[REQUIRED WORK] Pictures stay out of this copy; please retype only the lines from the start of the records through the line with "En este sentido".
┌─ RECORDS FOR THE TASK
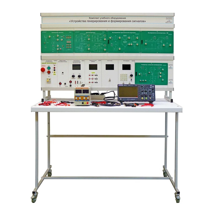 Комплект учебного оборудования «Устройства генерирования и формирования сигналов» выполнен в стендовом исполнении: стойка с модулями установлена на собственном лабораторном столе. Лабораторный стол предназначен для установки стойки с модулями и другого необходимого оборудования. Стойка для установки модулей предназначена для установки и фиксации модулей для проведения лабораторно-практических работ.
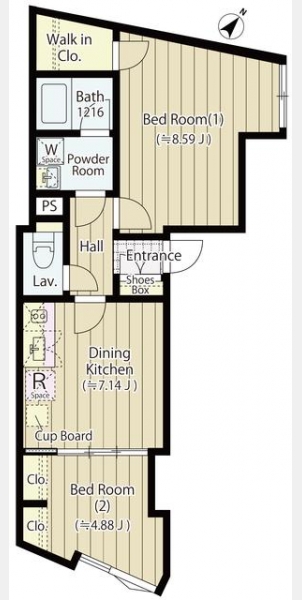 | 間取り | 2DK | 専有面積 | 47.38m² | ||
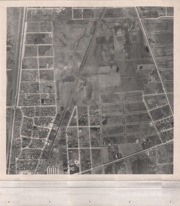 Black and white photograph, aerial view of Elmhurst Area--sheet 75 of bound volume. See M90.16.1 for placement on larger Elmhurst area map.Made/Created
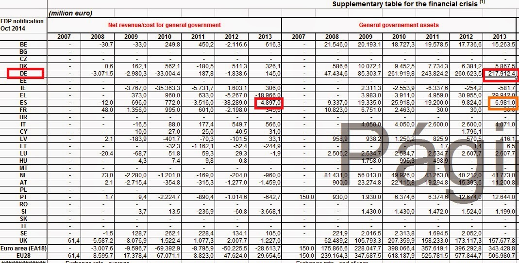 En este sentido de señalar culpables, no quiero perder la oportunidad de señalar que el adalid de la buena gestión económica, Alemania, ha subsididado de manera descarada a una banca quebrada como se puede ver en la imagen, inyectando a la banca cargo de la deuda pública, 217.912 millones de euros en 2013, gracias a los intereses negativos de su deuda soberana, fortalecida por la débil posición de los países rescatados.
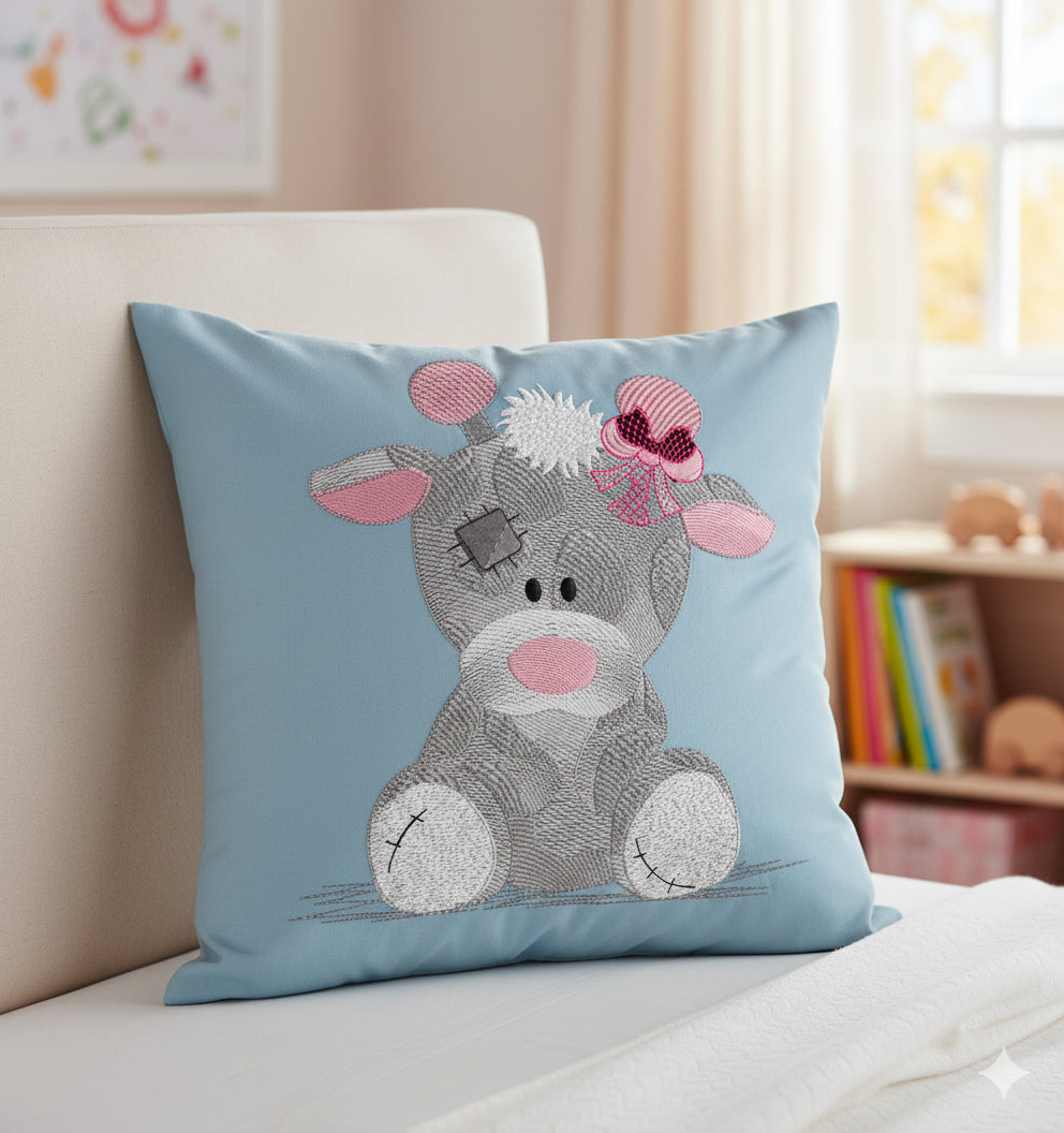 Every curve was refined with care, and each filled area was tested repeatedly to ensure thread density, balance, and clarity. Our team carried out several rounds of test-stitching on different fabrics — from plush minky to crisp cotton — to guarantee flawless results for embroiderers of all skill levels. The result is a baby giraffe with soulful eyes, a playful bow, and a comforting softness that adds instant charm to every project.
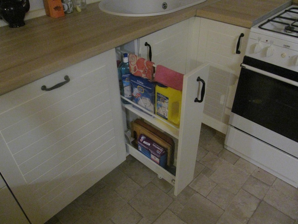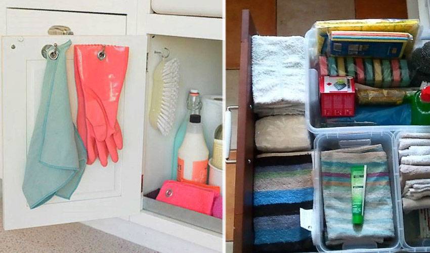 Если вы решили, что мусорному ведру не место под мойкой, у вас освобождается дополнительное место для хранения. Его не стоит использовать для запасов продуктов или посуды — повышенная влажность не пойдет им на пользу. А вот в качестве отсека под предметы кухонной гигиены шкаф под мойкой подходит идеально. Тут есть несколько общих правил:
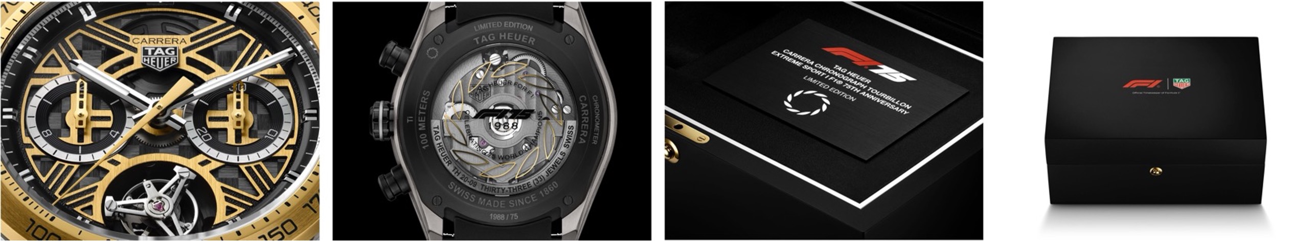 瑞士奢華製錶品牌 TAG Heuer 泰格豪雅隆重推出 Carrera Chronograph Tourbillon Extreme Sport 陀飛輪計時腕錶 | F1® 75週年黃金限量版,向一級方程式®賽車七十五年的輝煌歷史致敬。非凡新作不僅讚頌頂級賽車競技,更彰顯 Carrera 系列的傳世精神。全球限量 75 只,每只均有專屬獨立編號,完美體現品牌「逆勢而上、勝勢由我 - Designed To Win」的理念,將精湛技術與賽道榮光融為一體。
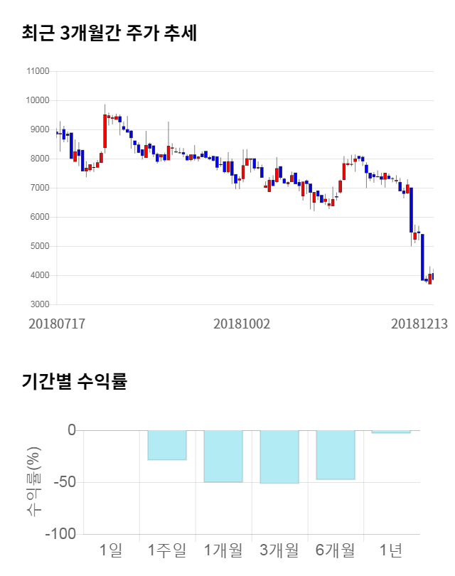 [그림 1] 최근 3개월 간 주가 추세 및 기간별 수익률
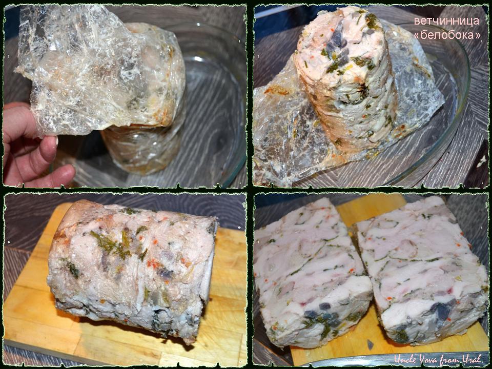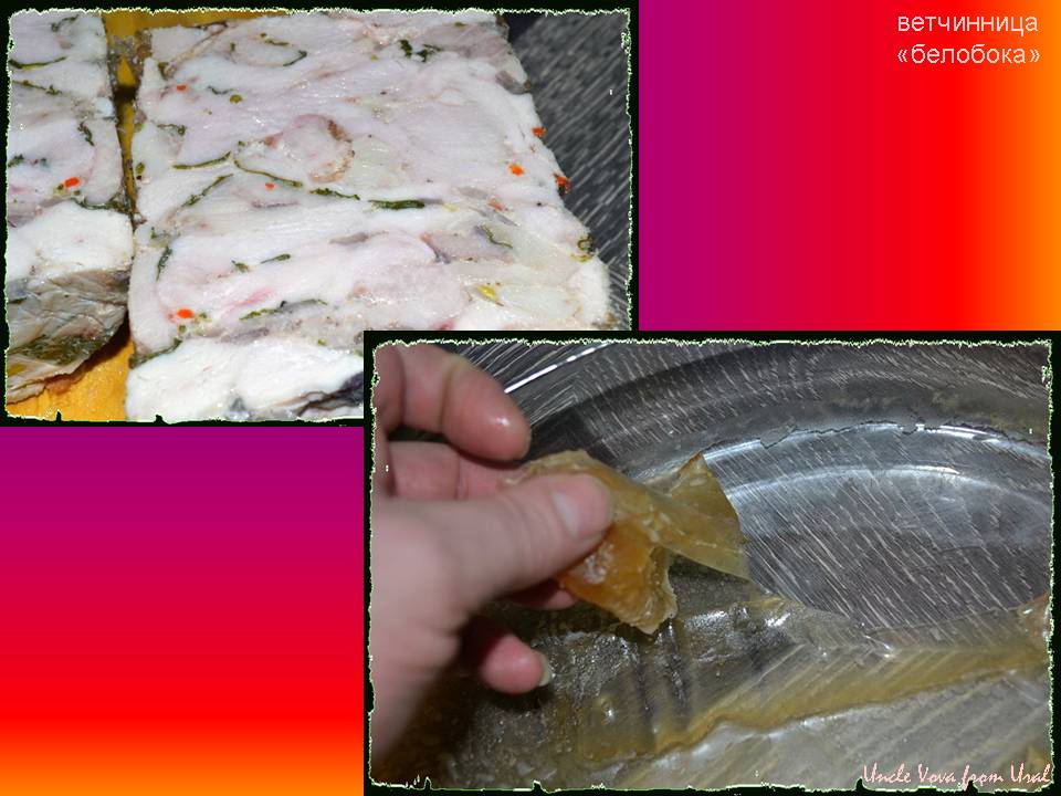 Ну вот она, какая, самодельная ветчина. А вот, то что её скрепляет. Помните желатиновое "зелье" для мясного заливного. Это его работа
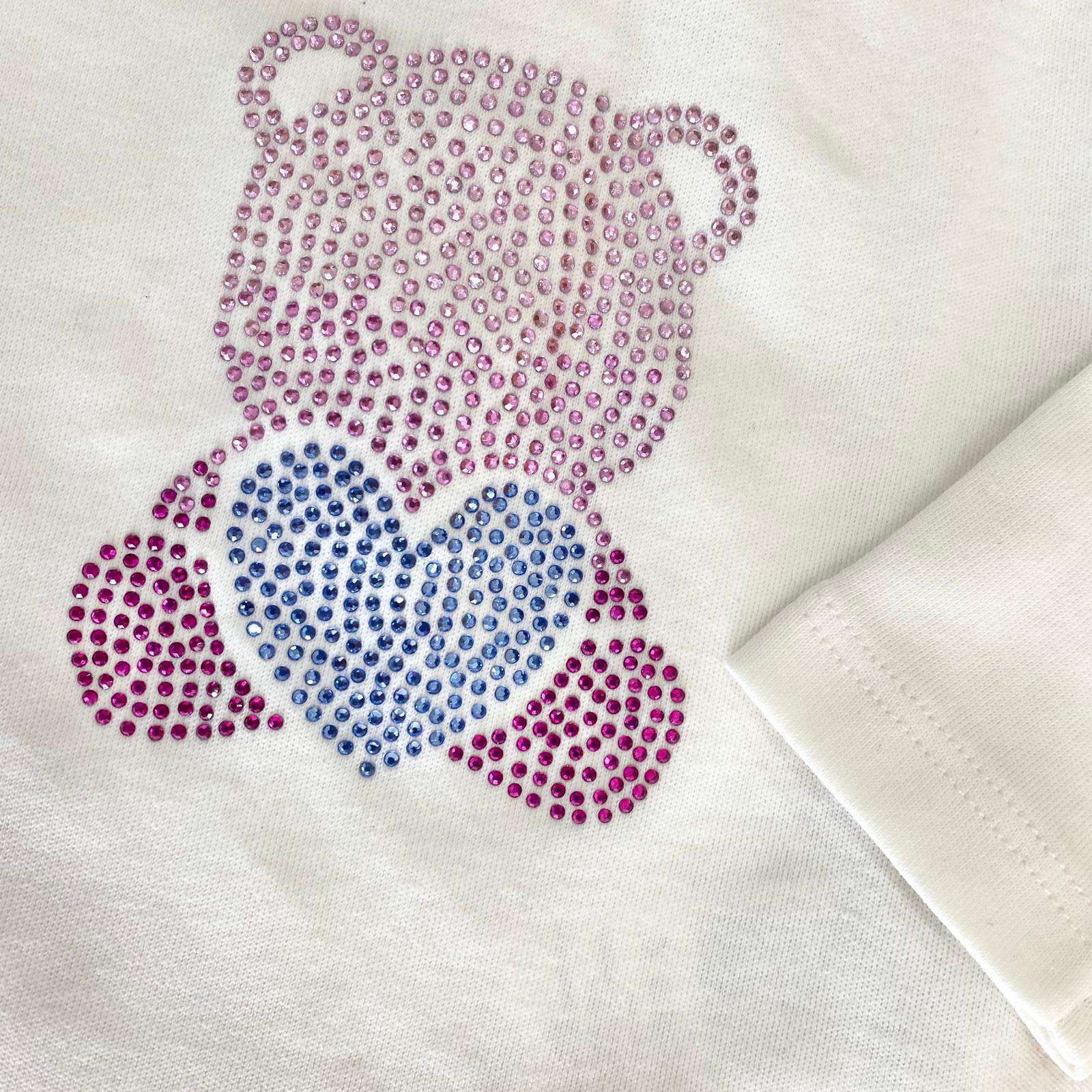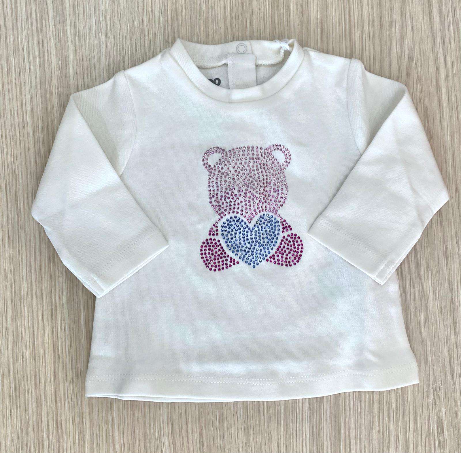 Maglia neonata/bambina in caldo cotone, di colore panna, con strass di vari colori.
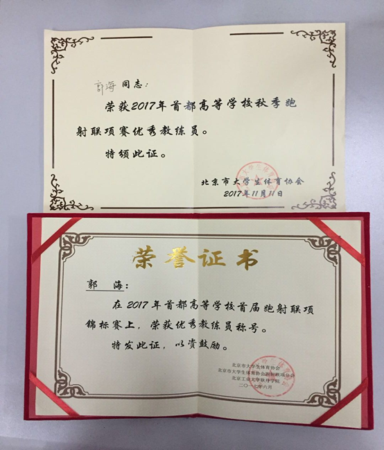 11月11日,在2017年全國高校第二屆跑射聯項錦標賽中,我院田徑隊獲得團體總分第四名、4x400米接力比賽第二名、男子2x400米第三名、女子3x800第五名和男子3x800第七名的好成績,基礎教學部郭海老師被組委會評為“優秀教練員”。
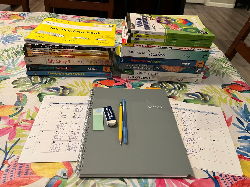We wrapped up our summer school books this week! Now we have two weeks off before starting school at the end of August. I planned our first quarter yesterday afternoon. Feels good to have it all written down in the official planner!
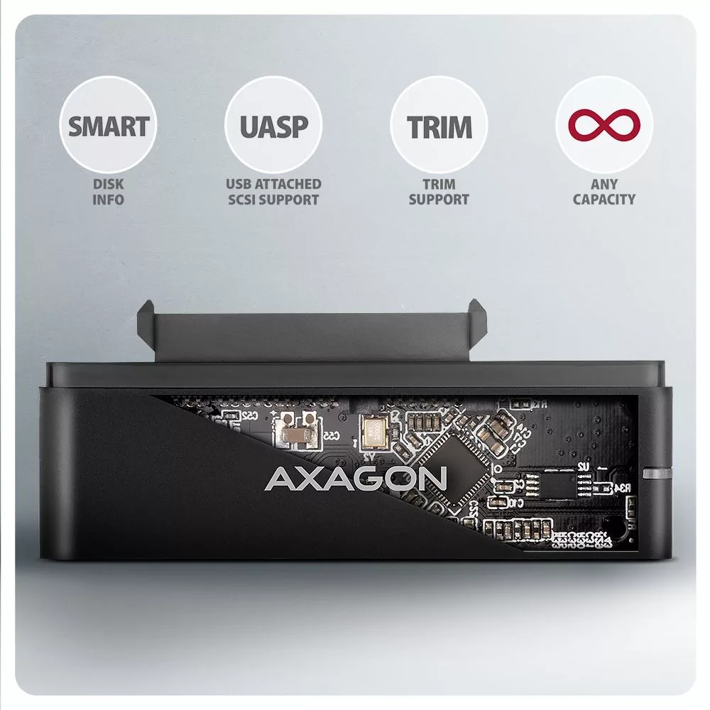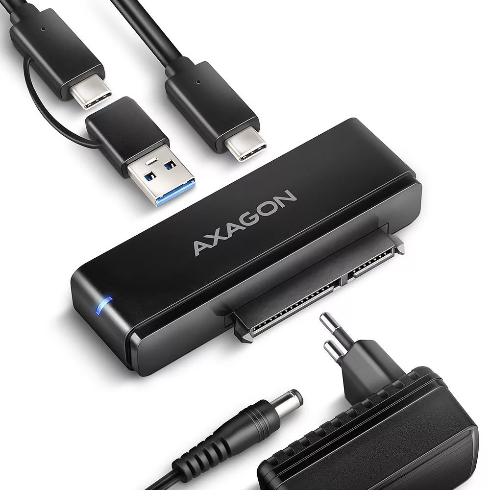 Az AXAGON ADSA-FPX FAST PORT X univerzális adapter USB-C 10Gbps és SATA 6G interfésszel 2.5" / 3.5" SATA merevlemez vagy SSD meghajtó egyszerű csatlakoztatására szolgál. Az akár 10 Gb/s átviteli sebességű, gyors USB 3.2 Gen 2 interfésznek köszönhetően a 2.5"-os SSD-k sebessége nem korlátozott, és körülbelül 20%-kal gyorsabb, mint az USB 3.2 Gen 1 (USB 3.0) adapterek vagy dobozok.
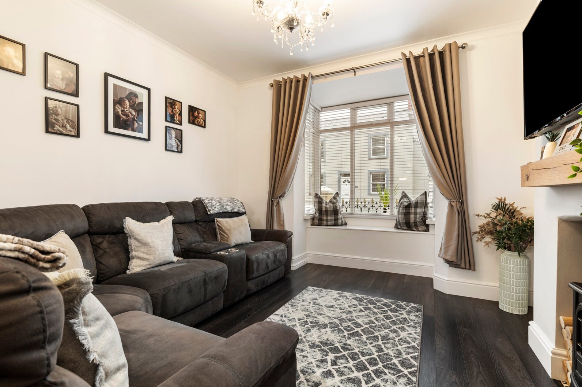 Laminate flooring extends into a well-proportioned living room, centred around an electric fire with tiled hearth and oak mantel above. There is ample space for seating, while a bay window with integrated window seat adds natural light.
└─
[RESULT]
 Комплект учебного оборудования «Устройства генерирования и формирования сигналов» выполнен в стендовом исполнении: стойка с модулями установлена на собственном лабораторном столе. Лабораторный стол предназначен для установки стойки с модулями и другого необходимого оборудования. Стойка для установки модулей предназначена для установки и фиксации модулей для проведения лабораторно-практических работ.
 | 間取り | 2DK | 専有面積 | 47.38m² | ||
 Black and white photograph, aerial view of Elmhurst Area--sheet 75 of bound volume. See M90.16.1 for placement on larger Elmhurst area map.Made/Created
 En este sentido de señalar culpables, no quiero perder la oportunidad de señalar que el adalid de la buena gestión económica, Alemania, ha subsididado de manera descarada a una banca quebrada como se puede ver en la imagen, inyectando a la banca cargo de la deuda pública, 217.912 millones de euros en 2013, gracias a los intereses negativos de su deuda soberana, fortalecida por la débil posición de los países rescatados.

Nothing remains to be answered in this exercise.